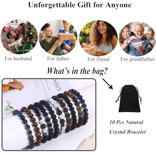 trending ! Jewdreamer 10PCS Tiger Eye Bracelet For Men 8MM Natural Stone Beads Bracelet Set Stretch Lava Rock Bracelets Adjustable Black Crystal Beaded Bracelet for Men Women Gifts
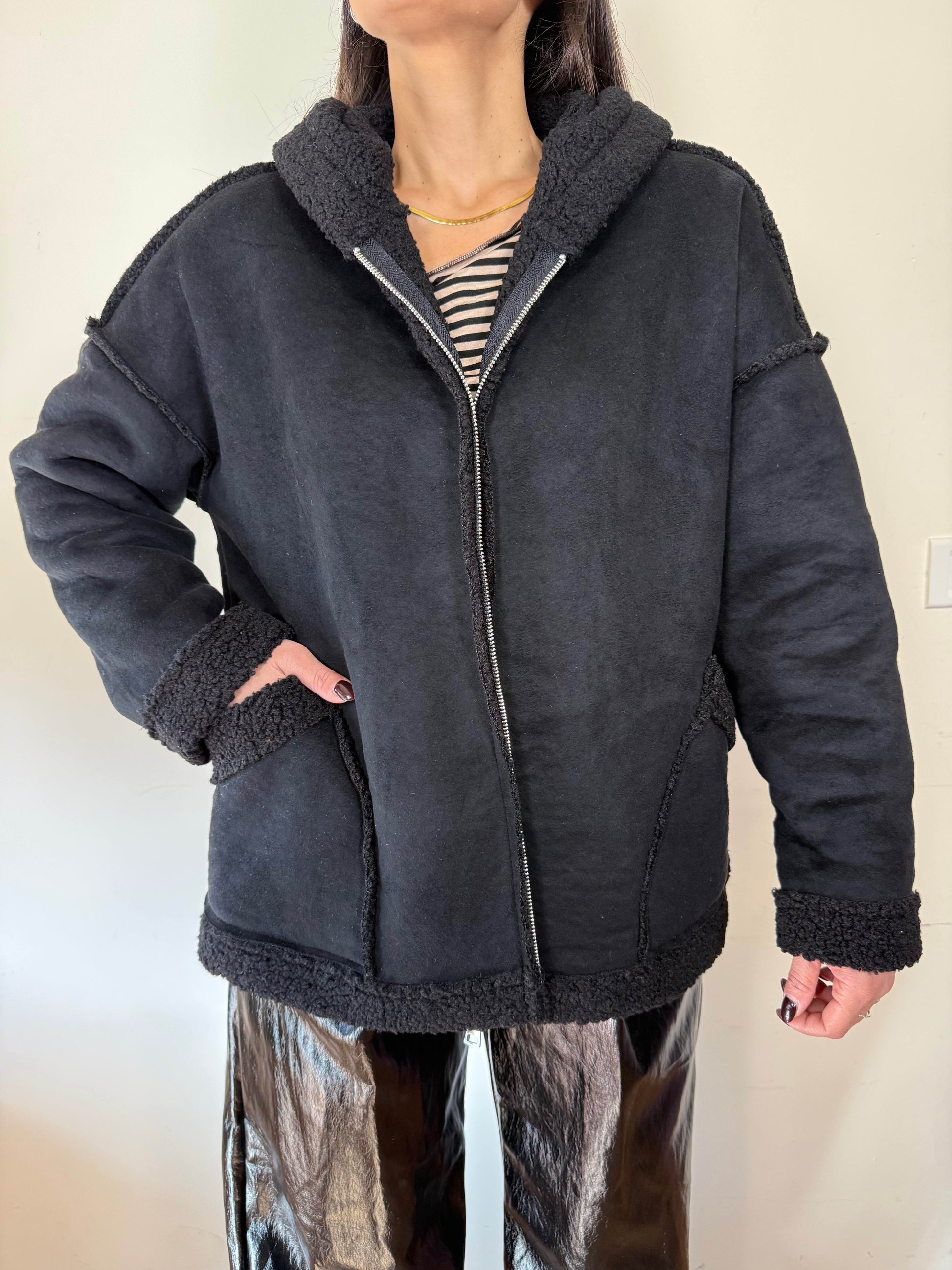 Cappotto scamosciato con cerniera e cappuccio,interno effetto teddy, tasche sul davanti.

________

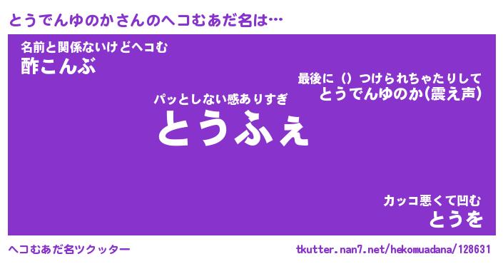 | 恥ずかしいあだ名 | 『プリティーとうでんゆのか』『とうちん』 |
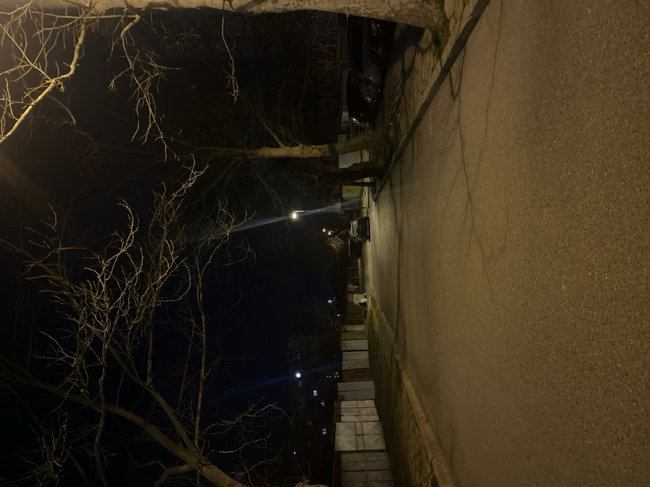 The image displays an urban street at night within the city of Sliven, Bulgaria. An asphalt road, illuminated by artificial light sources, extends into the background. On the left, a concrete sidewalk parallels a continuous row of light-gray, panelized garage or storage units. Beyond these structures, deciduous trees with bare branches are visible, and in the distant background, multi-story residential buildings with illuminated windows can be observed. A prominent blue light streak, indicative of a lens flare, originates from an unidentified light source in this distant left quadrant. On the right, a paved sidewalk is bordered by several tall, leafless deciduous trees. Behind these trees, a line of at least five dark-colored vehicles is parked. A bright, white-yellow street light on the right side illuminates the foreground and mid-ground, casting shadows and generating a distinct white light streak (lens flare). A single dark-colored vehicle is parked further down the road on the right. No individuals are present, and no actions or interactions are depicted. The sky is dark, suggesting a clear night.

________

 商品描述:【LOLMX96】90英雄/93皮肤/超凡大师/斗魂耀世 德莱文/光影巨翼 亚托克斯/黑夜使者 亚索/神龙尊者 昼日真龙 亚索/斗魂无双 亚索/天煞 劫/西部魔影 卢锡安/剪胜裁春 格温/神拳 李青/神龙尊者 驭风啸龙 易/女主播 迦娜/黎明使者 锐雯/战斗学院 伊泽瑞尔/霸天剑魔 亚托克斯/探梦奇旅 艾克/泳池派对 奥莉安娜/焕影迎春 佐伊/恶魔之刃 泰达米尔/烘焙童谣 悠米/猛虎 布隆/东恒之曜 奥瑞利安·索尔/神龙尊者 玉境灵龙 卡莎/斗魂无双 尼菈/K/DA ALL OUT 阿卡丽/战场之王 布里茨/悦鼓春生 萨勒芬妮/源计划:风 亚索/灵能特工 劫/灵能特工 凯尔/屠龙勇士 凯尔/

________

## WHAT TO PRODUCE
Take only the lines above from the one that has "trending ! Jewdreamer" through the one that has "Cappotto scamosciato con" and reproduce them exactly, omitting any pictures.

## ANSWER TO THIS PROBLEM
 trending ! Jewdreamer 10PCS Tiger Eye Bracelet For Men 8MM Natural Stone Beads Bracelet Set Stretch Lava Rock Bracelets Adjustable Black Crystal Beaded Bracelet for Men Women Gifts
 Cappotto scamosciato con cerniera e cappuccio,interno effetto teddy, tasche sul davanti.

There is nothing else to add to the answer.